I lay back on to the concrete and stretched my arms wide out the side.

Houston's night air became shockingly fickle at times, and the darkness lent an edge to the air. Cicadas' throaty songs of the day had lulled into an abrupt hush with the arrival of darkness. My fingers spread wide against the sand-papery driveway, drinking in the warmth still radiating from the day's unrelenting sun. Strategically only inches from my hand was a frosty cup of "orange julious," as Mom called it. Fresh squeezed orange juice mixed with French vanilla ice cream- the kind that had that fancy speckling through it. Beads of condensation gathered and skittered down the cup, creating a wet halo around the base of the glass. I'd sit up, take a deep swig, slowly saving the flavors on my tongue and settle back down on the driveway and loose myself in the vast canvas above.

I was not alone, all around me on the shadowy driveway were the dark forms of my siblings, and my parents too sometimes. It may have looked like a family massacre, bodies strewn outstretched like this, but we didn't care. Star gazing was our right. These evenings on the driveway were a favorite of mine. I'd feel my body relax into the concrete's warm embrace, and my eyes would peer into the vast night sky. I'm sure having been to NASA's museum and peered through a phenomenal telescope fed my curiosity of the mysterious world spread far above but only a fingerbreadth away. I'd make out as many constellations as I could and eagerly watch for a shooting star. That always felt like a little wink from God, catching one of those, because they are so easy to miss.

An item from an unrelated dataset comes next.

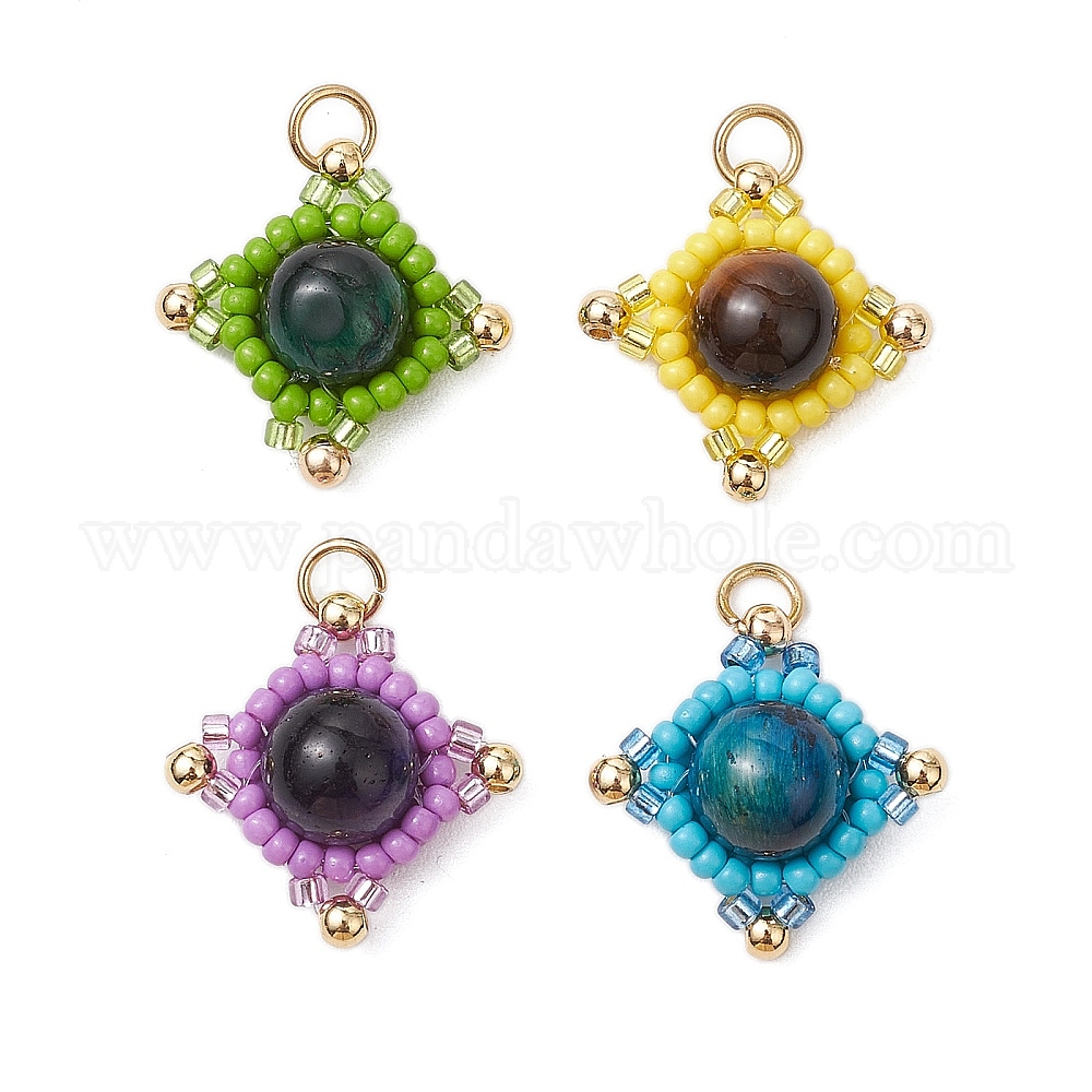 Подвески в виде звезд из натурального тигрового глаза (окрашенного и нагретого) и стеклянных бусин ручной работы, с целью перехода в кольце, золотые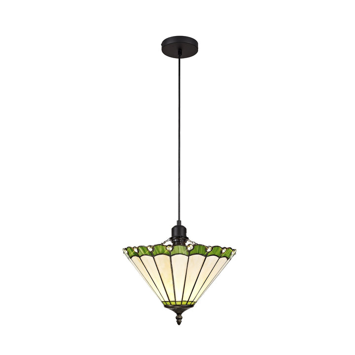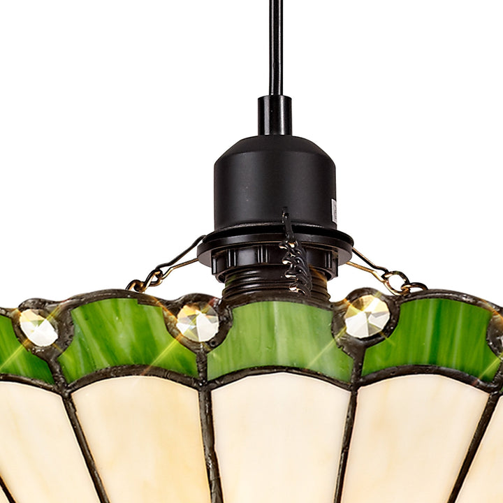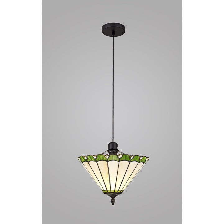 Umbrian 1 Light Up Lighter Pendant With 30cm Tiffany Shade Green/Chrome/Crystal/Black

The sky was my first real memory of vastness.

Growing up in Texas, it was a given. Not always in the city of Houston, granted, but whenever we got out of the city and the buildings faded away into mesquite trees and tumble weed snagged in rusty barbed wire, my lungs would expand. My eyes would open wider.

Later I would feel it as I stood in the foaming waves of the ocean, and again at the edge of the Grand Canyon. Something thrilled in me at the terror and delight of being so small in the face of something so big.

Sometimes I'd taste vastness more acutely in life, like when I experience the overwhelming beauty of pulling a screaming newborn to my chest for the very first time, or the shattering devastation of a traumatic and unexpected death of a sibling. I was suddenly microscopically small in the face of a yawning reality much bigger than I ever could be. Oddly, it's not a bad feeling — to realize there is a Being much bigger than we ever could be. It's stabilizing, calming, and reassuring.

Vastness doesn't always feel so safe as that concrete driveway off Buffalo Speedway in Houston Texas. But I think it was so kind of God to start me off there, warm and cozy, surrounded by those I knew and loved.

I really like to be comfortable. Safe, you know? Funny, because one of the top things that attracted me to my husband was that he was willing to take risks. Not crazy ones, no stupid motorcycle stunts or Russian roulette kinds of foolishness. But he shifted his priorities from what was easy and pushed into what was really good — hard but good. Falling in love with him wasn't hard but waiting for that man sure was.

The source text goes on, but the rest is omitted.